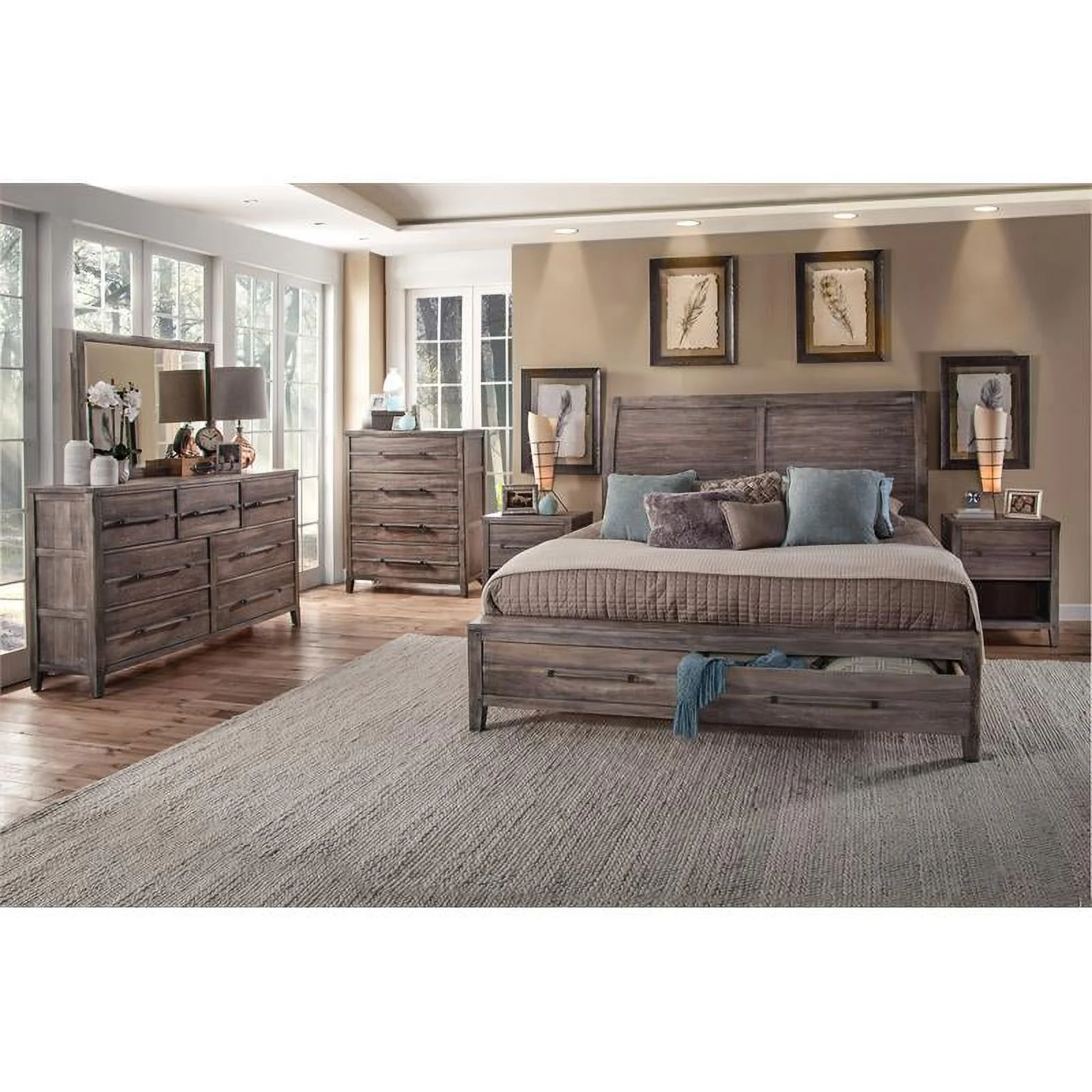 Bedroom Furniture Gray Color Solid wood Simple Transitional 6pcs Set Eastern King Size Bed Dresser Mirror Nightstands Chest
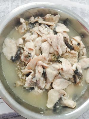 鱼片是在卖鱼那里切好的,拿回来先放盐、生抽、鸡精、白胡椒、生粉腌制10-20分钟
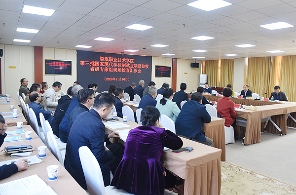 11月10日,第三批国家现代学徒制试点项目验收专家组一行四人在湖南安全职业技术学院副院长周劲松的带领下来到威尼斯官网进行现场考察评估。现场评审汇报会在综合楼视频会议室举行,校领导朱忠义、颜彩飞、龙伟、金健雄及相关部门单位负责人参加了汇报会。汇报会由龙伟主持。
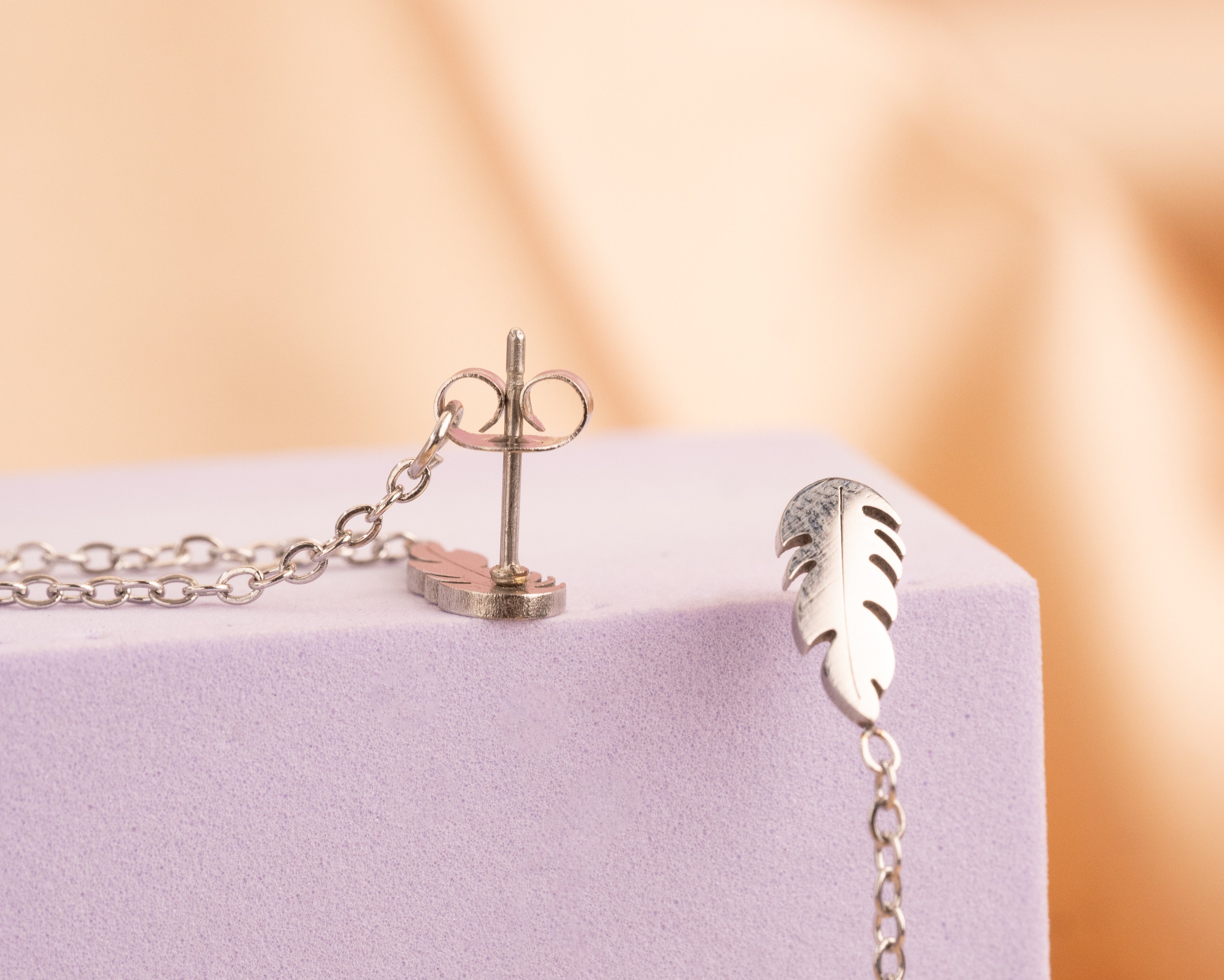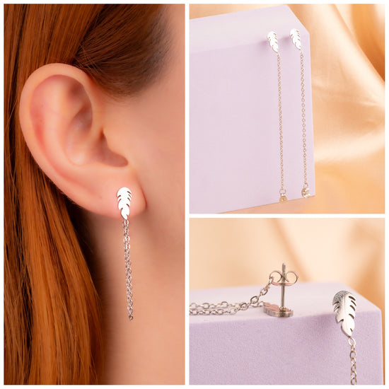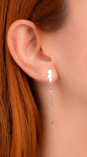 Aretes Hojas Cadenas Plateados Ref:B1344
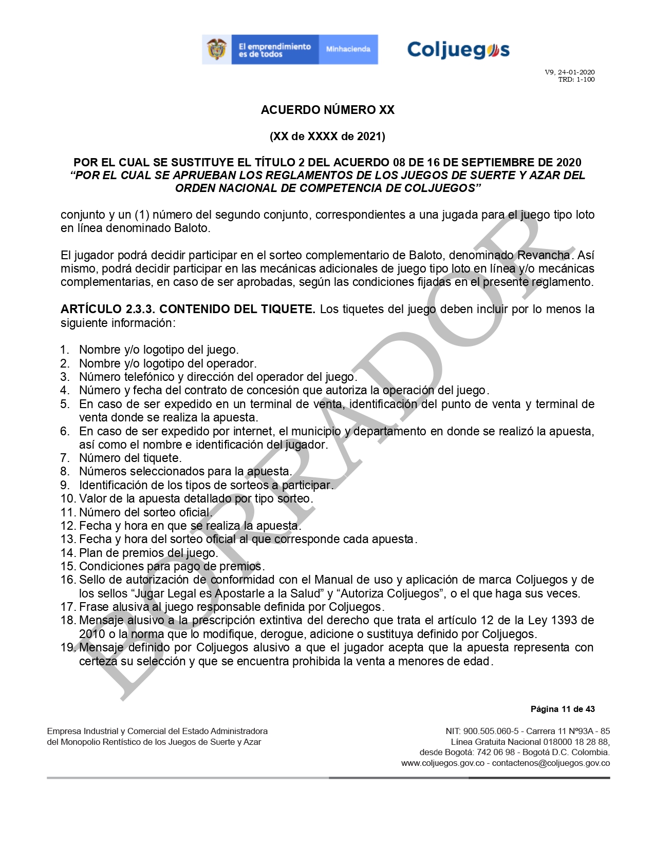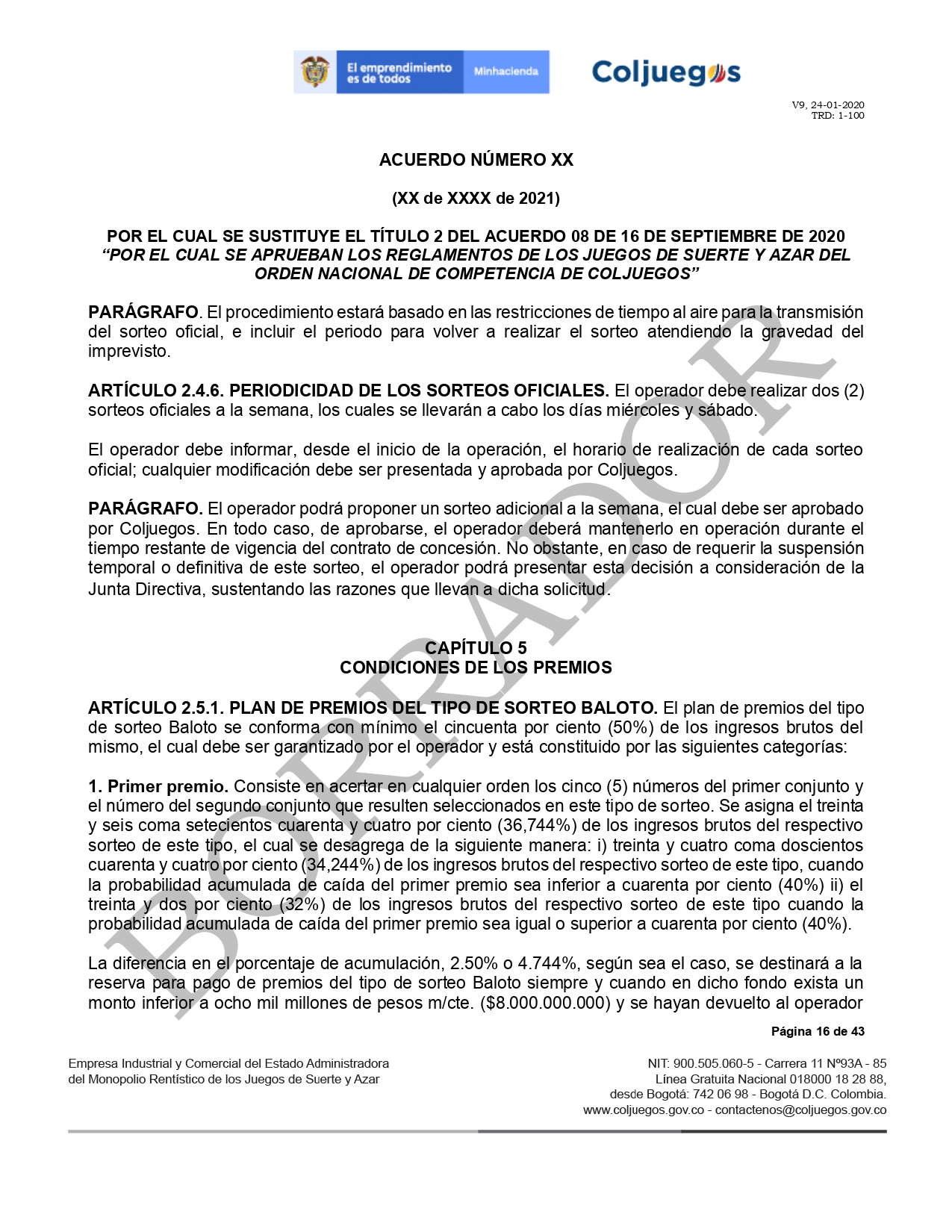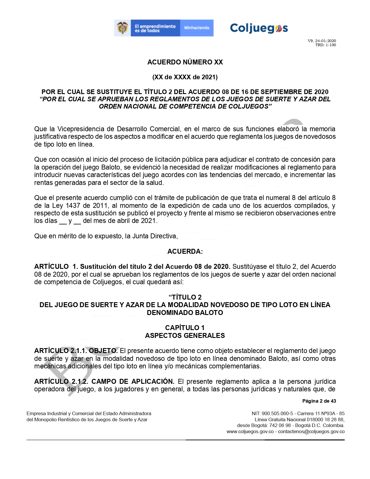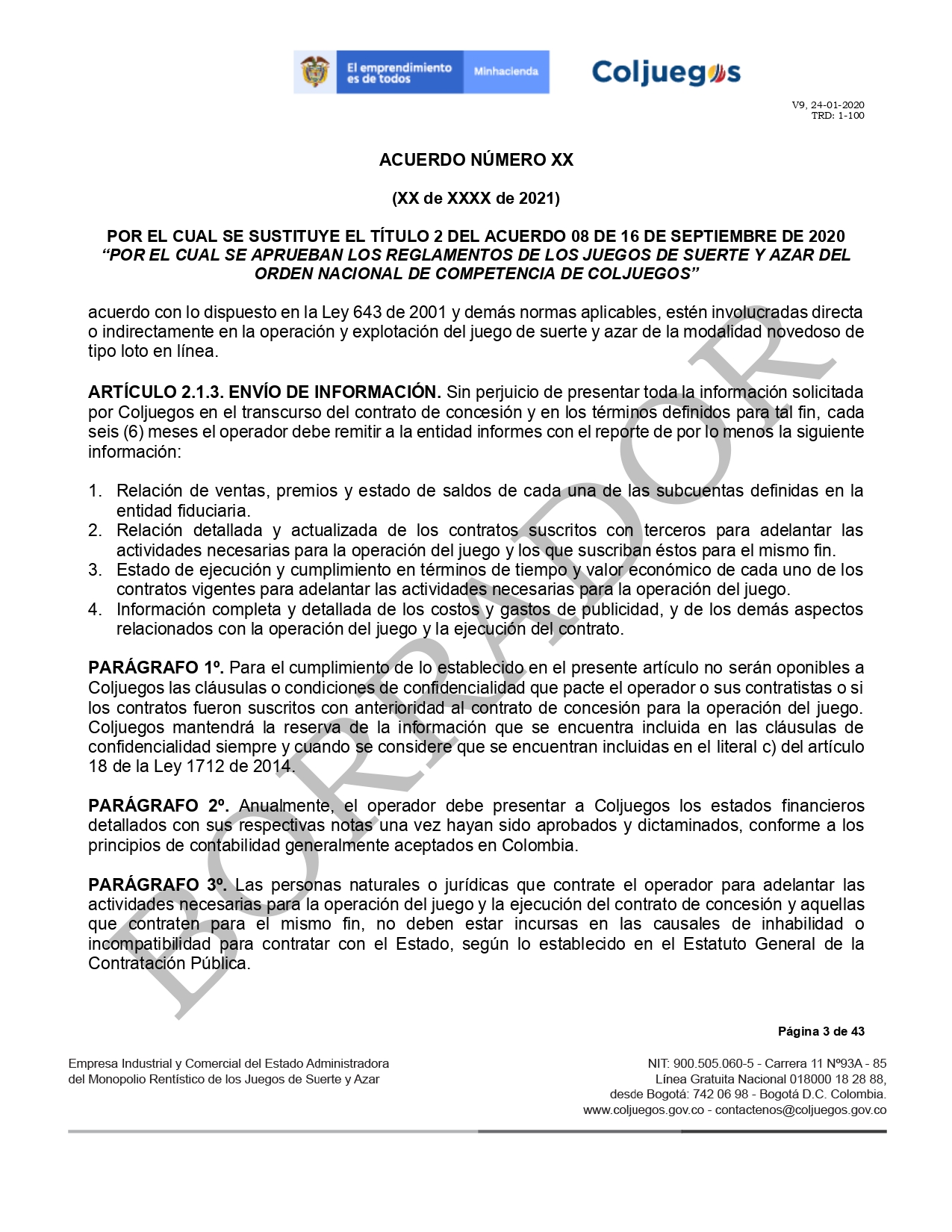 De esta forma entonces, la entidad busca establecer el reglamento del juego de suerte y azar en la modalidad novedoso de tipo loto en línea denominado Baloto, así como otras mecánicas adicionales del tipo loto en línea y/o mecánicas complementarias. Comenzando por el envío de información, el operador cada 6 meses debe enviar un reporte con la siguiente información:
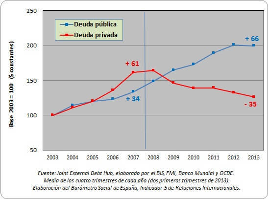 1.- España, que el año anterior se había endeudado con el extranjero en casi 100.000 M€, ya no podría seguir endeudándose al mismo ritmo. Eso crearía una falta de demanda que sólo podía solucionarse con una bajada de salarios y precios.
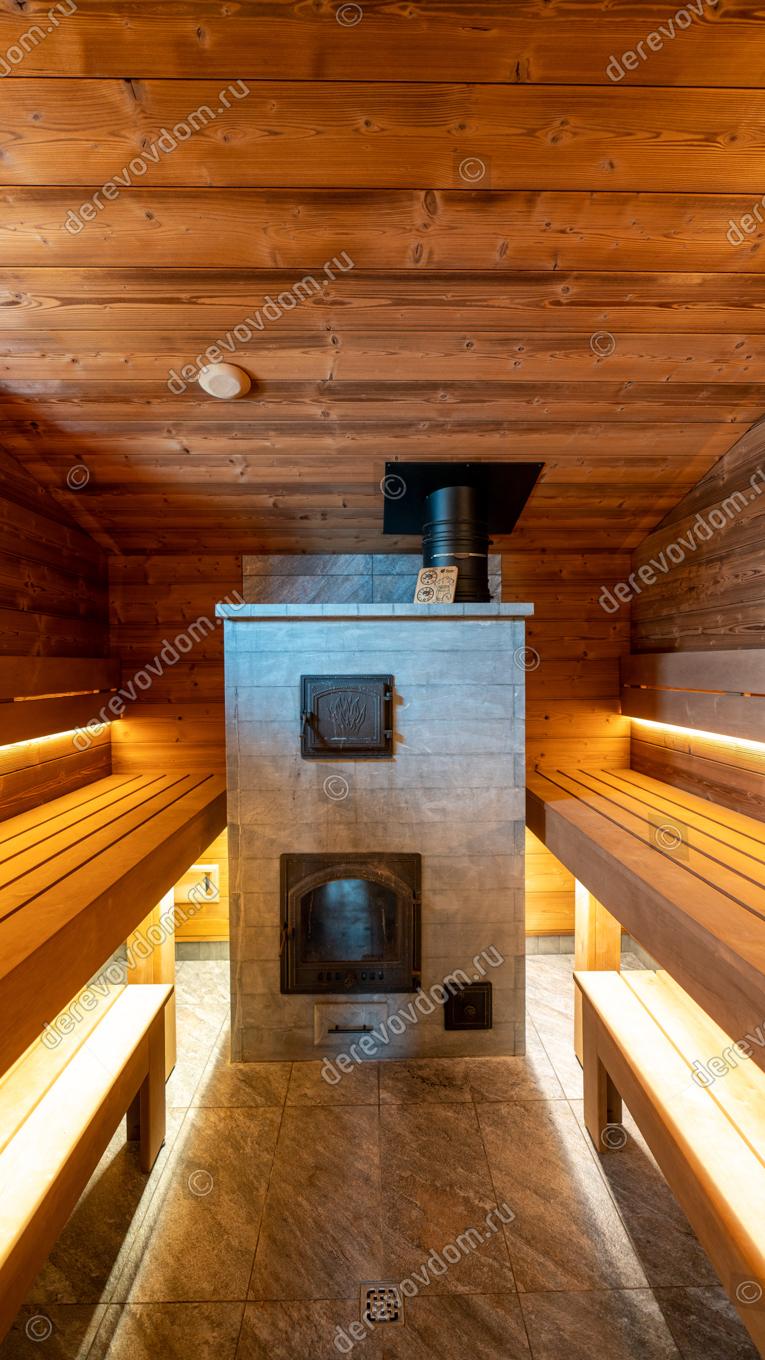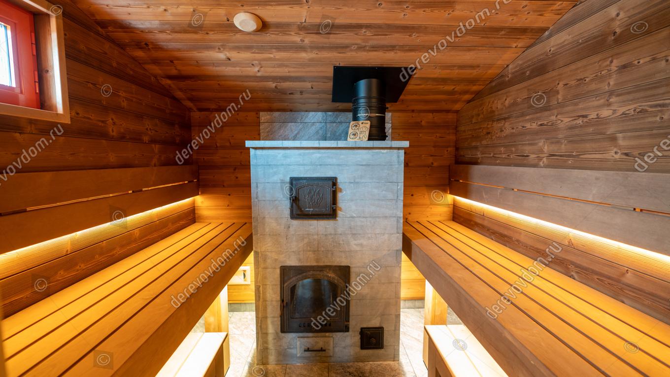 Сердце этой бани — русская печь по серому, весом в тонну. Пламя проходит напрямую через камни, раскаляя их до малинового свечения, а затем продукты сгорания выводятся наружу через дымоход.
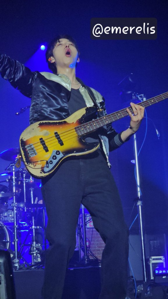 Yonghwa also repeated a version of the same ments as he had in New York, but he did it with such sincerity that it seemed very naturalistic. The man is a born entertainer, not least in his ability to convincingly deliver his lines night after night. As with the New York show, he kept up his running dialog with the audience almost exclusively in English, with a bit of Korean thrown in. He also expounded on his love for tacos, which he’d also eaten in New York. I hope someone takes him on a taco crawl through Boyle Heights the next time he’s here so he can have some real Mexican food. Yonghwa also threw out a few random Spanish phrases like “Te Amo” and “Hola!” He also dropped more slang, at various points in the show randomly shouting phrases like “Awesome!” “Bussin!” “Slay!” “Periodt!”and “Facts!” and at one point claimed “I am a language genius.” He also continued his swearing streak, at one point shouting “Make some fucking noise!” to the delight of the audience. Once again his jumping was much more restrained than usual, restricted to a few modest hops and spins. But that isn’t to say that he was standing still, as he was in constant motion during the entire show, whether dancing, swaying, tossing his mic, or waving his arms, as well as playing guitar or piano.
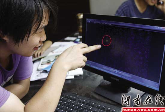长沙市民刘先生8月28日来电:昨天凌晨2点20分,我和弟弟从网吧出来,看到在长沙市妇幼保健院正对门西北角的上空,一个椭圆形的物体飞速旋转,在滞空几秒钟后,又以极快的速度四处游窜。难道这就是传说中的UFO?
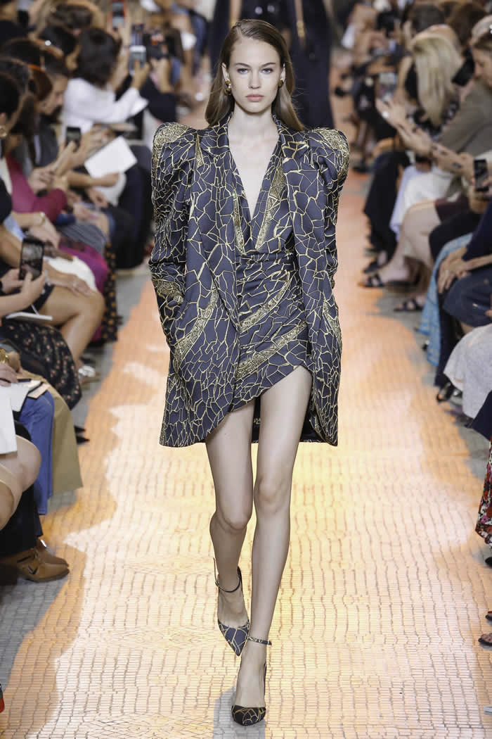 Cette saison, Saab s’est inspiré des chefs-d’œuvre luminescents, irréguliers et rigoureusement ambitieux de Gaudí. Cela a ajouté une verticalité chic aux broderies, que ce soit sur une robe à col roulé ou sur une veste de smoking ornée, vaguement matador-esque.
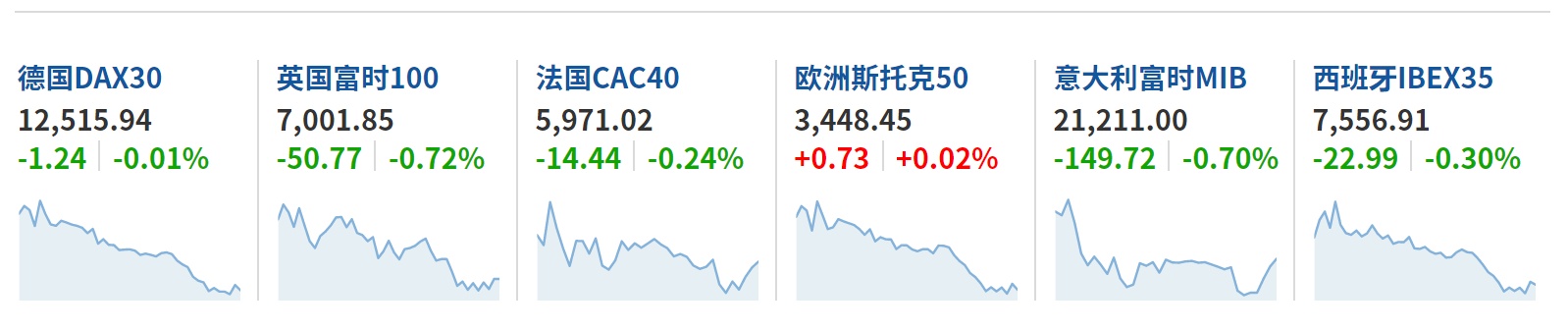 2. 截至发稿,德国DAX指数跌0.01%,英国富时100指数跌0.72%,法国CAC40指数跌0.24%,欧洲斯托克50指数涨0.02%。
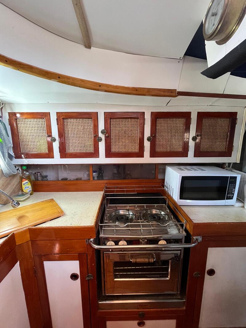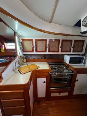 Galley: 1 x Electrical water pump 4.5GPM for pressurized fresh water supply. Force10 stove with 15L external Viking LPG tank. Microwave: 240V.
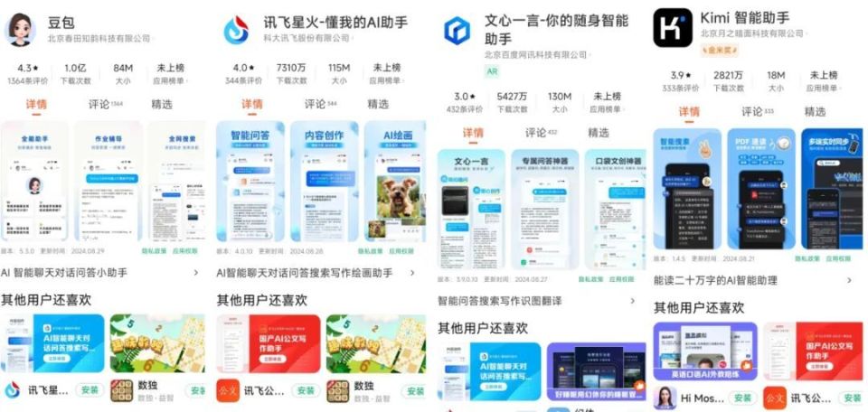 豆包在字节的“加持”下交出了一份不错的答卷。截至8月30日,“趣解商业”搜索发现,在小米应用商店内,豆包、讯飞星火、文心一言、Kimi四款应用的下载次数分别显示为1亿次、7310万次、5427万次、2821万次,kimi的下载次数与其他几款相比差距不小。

+++

* **WORK TO BE COMPLETED**: When copying from the data above, begin at the line containing "Aretes Hojas Cadenas Plateados Ref:B1344" and end at the line containing "Yonghwa also repeated"; return those lines exactly and leave all pictures behind.

* **RESULT OF THIS EXERCISE**:
 Aretes Hojas Cadenas Plateados Ref:B1344
 De esta forma entonces, la entidad busca establecer el reglamento del juego de suerte y azar en la modalidad novedoso de tipo loto en línea denominado Baloto, así como otras mecánicas adicionales del tipo loto en línea y/o mecánicas complementarias. Comenzando por el envío de información, el operador cada 6 meses debe enviar un reporte con la siguiente información:
 1.- España, que el año anterior se había endeudado con el extranjero en casi 100.000 M€, ya no podría seguir endeudándose al mismo ritmo. Eso crearía una falta de demanda que sólo podía solucionarse con una bajada de salarios y precios.
 Сердце этой бани — русская печь по серому, весом в тонну. Пламя проходит напрямую через камни, раскаляя их до малинового свечения, а затем продукты сгорания выводятся наружу через дымоход.
 Yonghwa also repeated a version of the same ments as he had in New York, but he did it with such sincerity that it seemed very naturalistic. The man is a born entertainer, not least in his ability to convincingly deliver his lines night after night. As with the New York show, he kept up his running dialog with the audience almost exclusively in English, with a bit of Korean thrown in. He also expounded on his love for tacos, which he’d also eaten in New York. I hope someone takes him on a taco crawl through Boyle Heights the next time he’s here so he can have some real Mexican food. Yonghwa also threw out a few random Spanish phrases like “Te Amo” and “Hola!” He also dropped more slang, at various points in the show randomly shouting phrases like “Awesome!” “Bussin!” “Slay!” “Periodt!”and “Facts!” and at one point claimed “I am a language genius.” He also continued his swearing streak, at one point shouting “Make some fucking noise!” to the delight of the audience. Once again his jumping was much more restrained than usual, restricted to a few modest hops and spins. But that isn’t to say that he was standing still, as he was in constant motion during the entire show, whether dancing, swaying, tossing his mic, or waving his arms, as well as playing guitar or piano.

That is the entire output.